Amy Hutchison, PhD, postdoctoral researcher in the Lifelong Health Theme, South Australian Health and Medical Research Institute (SAHMRI), Adelaide Medical School, The University of Adelaide, Australia, who was not involved in the study, told MNT:

“We know from other studies that the way that the peripheral and central clocks function together is complex. Two-way communication between central and peripheral tissues has been reported previously; but this study shows how peripheral clocks in the skeletal muscle and the central clock signal to each other.”

“Interestingly,” she added, “they also demonstrated the unique ability of the muscle clock to act as a gate-keeper of central clock signals, to preserve muscle function, which is fascinating, and speaks to the importance of skeletal muscle as a metabolically active tissue.”

As people age, the sleep-wake cycle changes.

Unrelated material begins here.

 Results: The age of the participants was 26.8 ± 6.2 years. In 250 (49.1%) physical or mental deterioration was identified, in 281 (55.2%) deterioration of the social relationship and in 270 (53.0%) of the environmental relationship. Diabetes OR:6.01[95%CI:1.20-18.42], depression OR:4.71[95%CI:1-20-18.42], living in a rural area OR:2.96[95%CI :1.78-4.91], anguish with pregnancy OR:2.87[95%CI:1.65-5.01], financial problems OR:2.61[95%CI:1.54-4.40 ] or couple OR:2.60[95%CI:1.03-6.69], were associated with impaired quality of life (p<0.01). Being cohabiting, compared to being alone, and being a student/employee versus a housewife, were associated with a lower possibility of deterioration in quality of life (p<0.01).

They also lose muscle mass, and this study suggests that the two are closely related.

For most people, aging is accompanied by a shift of sleep to earlier hours, with waking earlier in the morning and going to sleep earlier in the evening.

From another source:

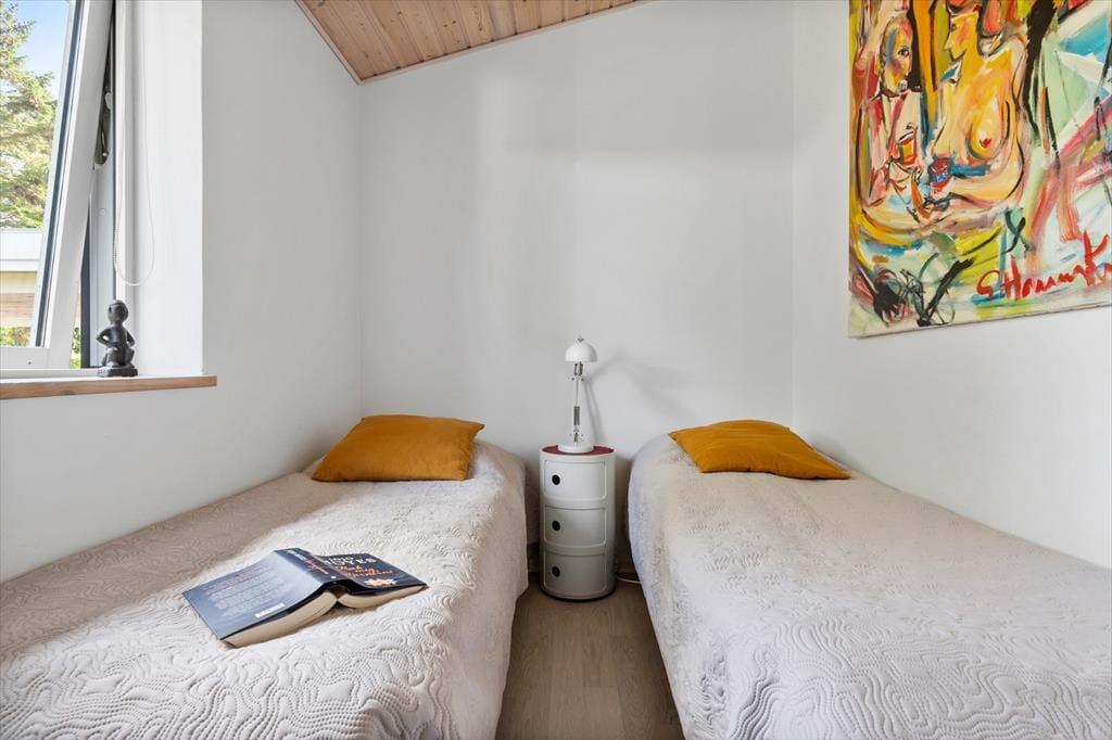 Huset fremstår velholdt og enkelt, uden at noget virker tilfældigt. De to gode værelser ligger roligt placeret og giver plads til både nattesøvn og en stille stund i løbet af dagen. Her er der tænkt i funktion og komfort, men uden at det tager opmærksomheden fra det vigtigste: at ferien føles ukompliceret og rar fra første dag.

However, for some older people, particularly those with neurodegenerative disorders such as Alzheimer’s disease, sleep patterns can become extremely irregular and disrupted.

Animal studies have found that expression of many of the clock genes is reduced in the SCN as animals age, leading to disruption of circadian rhythms.

Although there has been little research in this area, and these results are derived from animals, it is possible that similar mechanisms are in play in humans.

However, this study has found that there may be a way to reinstate the functioning of the circadian clocks in the brain and muscles.

By implementing time-restricted feeding in old adult mice (66-74 weeks old), the researchers restored rhythmic gene expression in the muscles, which prevented the deterioration of muscle function.

“These findings help to explain some of the physiological changes that might be occurring as we age, and how time-restricted eating might help correct this, but this needs to be confirmed in human trials before we can make too many conclusions on the impacts of the circadian clock on aging in humans,” Hutchison cautioned.

”[The current] findings are a great jumping-off point to explore the effects of aligning food intake with circadian rhythms on aging,” she added.

Time-restricted eating, or intermittent fasting, has been shown to have some metabolic benefits, including weight loss and positive effects in nonalcoholic fatty liver disease, cancer, and cardiovascular disease.

However, whether it might help prevent muscle aging in people is unknown, as Hutchison told MNT. “The fact that restricting the food intake of the mice to their active period partially restored the function of the central clock, and enhanced the skeletal clock highlights what we already know about the importance of food intake on maintaining circadian rhythms,” she noted.

“Whilst this helps us understand the mechanisms at play, and how changing meal patterning might influence these in mice, there is not enough evidence at this point to say whether TRE could be beneficial for older people in general, or for age-related disease.”